▶ **ENTRIES SHOWN**:
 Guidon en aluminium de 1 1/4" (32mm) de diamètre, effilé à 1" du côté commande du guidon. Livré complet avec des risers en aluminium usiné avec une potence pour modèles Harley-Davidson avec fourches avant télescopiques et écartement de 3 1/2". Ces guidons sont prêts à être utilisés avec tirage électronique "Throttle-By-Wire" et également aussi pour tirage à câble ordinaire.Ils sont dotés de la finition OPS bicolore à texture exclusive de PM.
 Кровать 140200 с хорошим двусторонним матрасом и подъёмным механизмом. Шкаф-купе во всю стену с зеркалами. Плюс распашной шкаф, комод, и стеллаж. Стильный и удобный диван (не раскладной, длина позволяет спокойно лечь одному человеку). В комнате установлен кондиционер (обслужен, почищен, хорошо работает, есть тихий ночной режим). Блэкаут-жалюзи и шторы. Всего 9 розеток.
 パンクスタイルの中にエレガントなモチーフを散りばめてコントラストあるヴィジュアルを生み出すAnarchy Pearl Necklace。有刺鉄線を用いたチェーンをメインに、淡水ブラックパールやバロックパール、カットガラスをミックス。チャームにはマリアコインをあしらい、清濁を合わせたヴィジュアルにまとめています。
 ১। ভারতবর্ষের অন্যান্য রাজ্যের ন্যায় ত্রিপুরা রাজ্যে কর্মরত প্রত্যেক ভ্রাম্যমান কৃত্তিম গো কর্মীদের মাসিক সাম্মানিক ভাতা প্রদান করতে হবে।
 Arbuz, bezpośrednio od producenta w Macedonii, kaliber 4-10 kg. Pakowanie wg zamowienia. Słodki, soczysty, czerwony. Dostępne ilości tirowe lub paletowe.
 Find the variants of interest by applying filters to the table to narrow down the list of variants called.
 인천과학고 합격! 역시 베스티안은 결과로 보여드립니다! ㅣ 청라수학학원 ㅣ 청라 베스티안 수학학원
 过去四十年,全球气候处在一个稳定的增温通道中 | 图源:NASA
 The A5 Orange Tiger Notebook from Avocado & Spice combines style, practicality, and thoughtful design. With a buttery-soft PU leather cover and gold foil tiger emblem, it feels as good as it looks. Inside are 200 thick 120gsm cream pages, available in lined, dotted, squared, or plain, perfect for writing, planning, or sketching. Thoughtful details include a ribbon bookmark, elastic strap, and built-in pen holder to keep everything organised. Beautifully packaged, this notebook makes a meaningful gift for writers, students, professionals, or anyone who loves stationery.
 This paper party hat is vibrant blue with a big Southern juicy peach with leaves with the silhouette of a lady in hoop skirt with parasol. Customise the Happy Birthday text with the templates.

▶ **PROMPT**: Transcribe all of the material above with complete accuracy.

▶ **REPLY TO THE TASK**:
 Guidon en aluminium de 1 1/4" (32mm) de diamètre, effilé à 1" du côté commande du guidon. Livré complet avec des risers en aluminium usiné avec une potence pour modèles Harley-Davidson avec fourches avant télescopiques et écartement de 3 1/2". Ces guidons sont prêts à être utilisés avec tirage électronique "Throttle-By-Wire" et également aussi pour tirage à câble ordinaire.Ils sont dotés de la finition OPS bicolore à texture exclusive de PM.
 Кровать 140200 с хорошим двусторонним матрасом и подъёмным механизмом. Шкаф-купе во всю стену с зеркалами. Плюс распашной шкаф, комод, и стеллаж. Стильный и удобный диван (не раскладной, длина позволяет спокойно лечь одному человеку). В комнате установлен кондиционер (обслужен, почищен, хорошо работает, есть тихий ночной режим). Блэкаут-жалюзи и шторы. Всего 9 розеток.
 パンクスタイルの中にエレガントなモチーフを散りばめてコントラストあるヴィジュアルを生み出すAnarchy Pearl Necklace。有刺鉄線を用いたチェーンをメインに、淡水ブラックパールやバロックパール、カットガラスをミックス。チャームにはマリアコインをあしらい、清濁を合わせたヴィジュアルにまとめています。
 ১। ভারতবর্ষের অন্যান্য রাজ্যের ন্যায় ত্রিপুরা রাজ্যে কর্মরত প্রত্যেক ভ্রাম্যমান কৃত্তিম গো কর্মীদের মাসিক সাম্মানিক ভাতা প্রদান করতে হবে।
 Arbuz, bezpośrednio od producenta w Macedonii, kaliber 4-10 kg. Pakowanie wg zamowienia. Słodki, soczysty, czerwony. Dostępne ilości tirowe lub paletowe.
 Find the variants of interest by applying filters to the table to narrow down the list of variants called.
 인천과학고 합격! 역시 베스티안은 결과로 보여드립니다! ㅣ 청라수학학원 ㅣ 청라 베스티안 수학학원
 过去四十年,全球气候处在一个稳定的增温通道中 | 图源:NASA
 The A5 Orange Tiger Notebook from Avocado & Spice combines style, practicality, and thoughtful design. With a buttery-soft PU leather cover and gold foil tiger emblem, it feels as good as it looks. Inside are 200 thick 120gsm cream pages, available in lined, dotted, squared, or plain, perfect for writing, planning, or sketching. Thoughtful details include a ribbon bookmark, elastic strap, and built-in pen holder to keep everything organised. Beautifully packaged, this notebook makes a meaningful gift for writers, students, professionals, or anyone who loves stationery.
 This paper party hat is vibrant blue with a big Southern juicy peach with leaves with the silhouette of a lady in hoop skirt with parasol. Customise the Happy Birthday text with the templates.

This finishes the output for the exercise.